Der Angriff hat israelischen Medien zufolge einem Chef einer Elite-Einheit der pro-iranischen Miliz gegolten. Der Kommandeur der Radwan-Einheit, Ibrahim Akil, wurde dabei getötet, teilte Israels Armeesprecher Daniel Hagari mit. Vor der gezielten Tötung des Hisbollah-Militärchefs Fuad Schukr durch die israelische Armee im Juli in Beirut galt Akil demnach als „zweithöchster Kommandeur“. Am Abend hat die libanesische Hisbollah-Miliz den Tod ihres Militärkommandeurs Akil infolge eines israelischen Luftangriffs in Beirut bestätigt.
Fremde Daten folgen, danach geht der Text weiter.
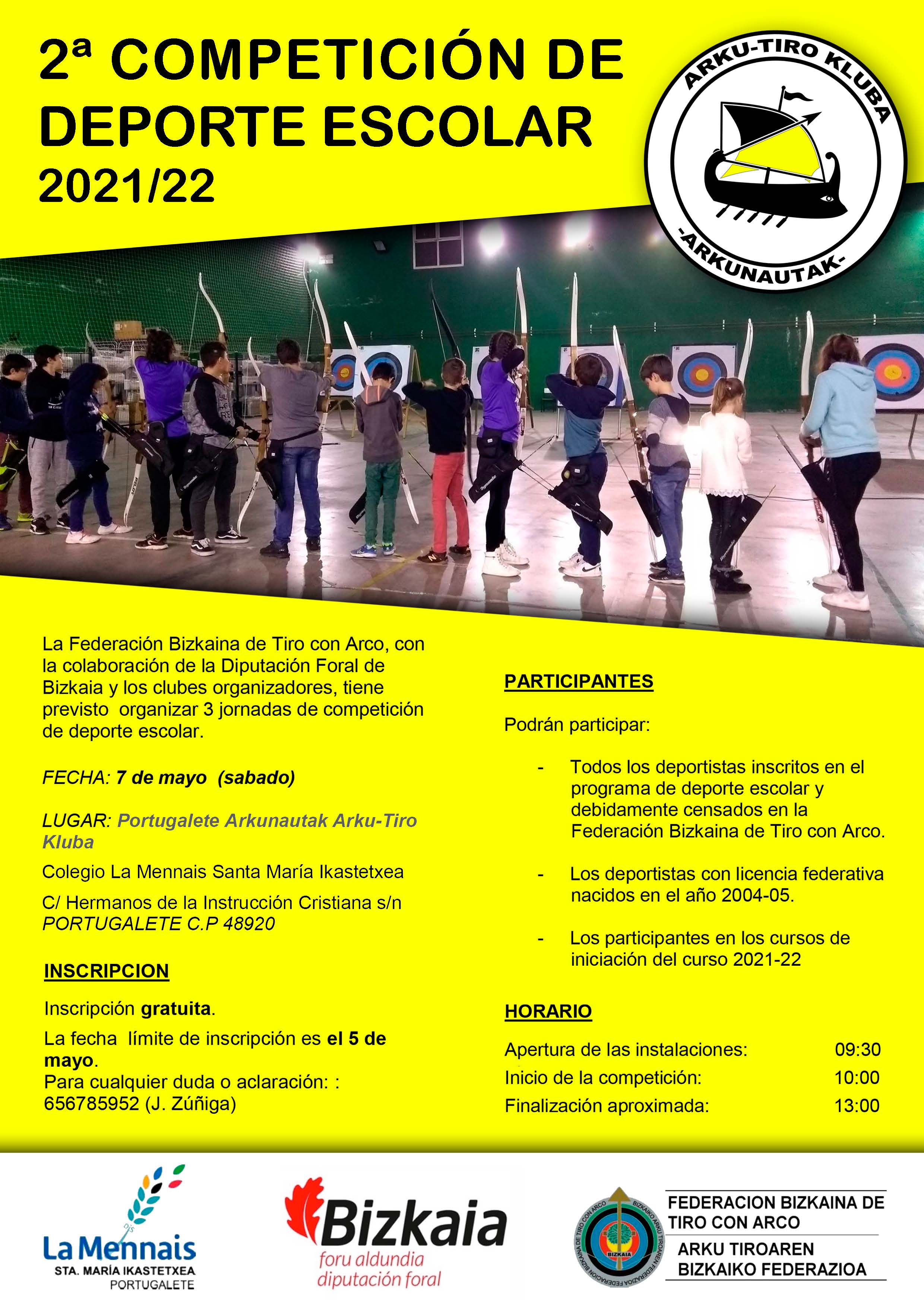 Denok dakizue zein indartsua den gure kluba arkulari gazteak prestatzearen alde; beraz, ilusio berezia egiten digu iragartzeak Bizkaiko eskola-kirolerako arku-tiroko lehiaketaren 2. jardunaldia antolatuko dugula.

Die libanesische Hisbollah-Miliz plante nach Aussagen eines israelischen Armeesprechers einen ähnlich verheerenden Überfall auf Israel wie die Terrorattacke der islamistischen Hamas am 7. Oktober vergangenen Jahres. Der getötete Hisbollah-Militärkommandeur Ibrahim Akil sei Drahtzieher eines Plans gewesen, Nordisrael anzugreifen, sagte der israelische Armeesprecher Daniel Hagari.
Hisbollah greift Israel an: Nasrallah spricht von einer „Kriegserklärung“
Die Hisbollah-Miliz gibt allerdings nicht auf, im Gegenteil: Ihr Führer Hassan Nasrallah kündigte Israel am Donnerstag Vergeltung für die Pager-Attacken an. Mit Sprengsätzen bestückte Pager-Geräte und Walkie-Talkies waren zeitgleich an zahlreichen Orten im Libanon in die Luft gegangen. Es gilt als gesichert, dass Israels Auslandsgeheimdienst Mossad hinter der Aktion steckt, die viele Hisbollah-Kämpfer getroffen haben soll. Nasrallah spricht deshalb von einer „Kriegserklärung“ durch Israel, auf die man reagieren wird. Wann und wie das geschehen soll, verrät Nasrallah nicht. „Sie werden es herausfinden, wenn es passiert“, sagte er.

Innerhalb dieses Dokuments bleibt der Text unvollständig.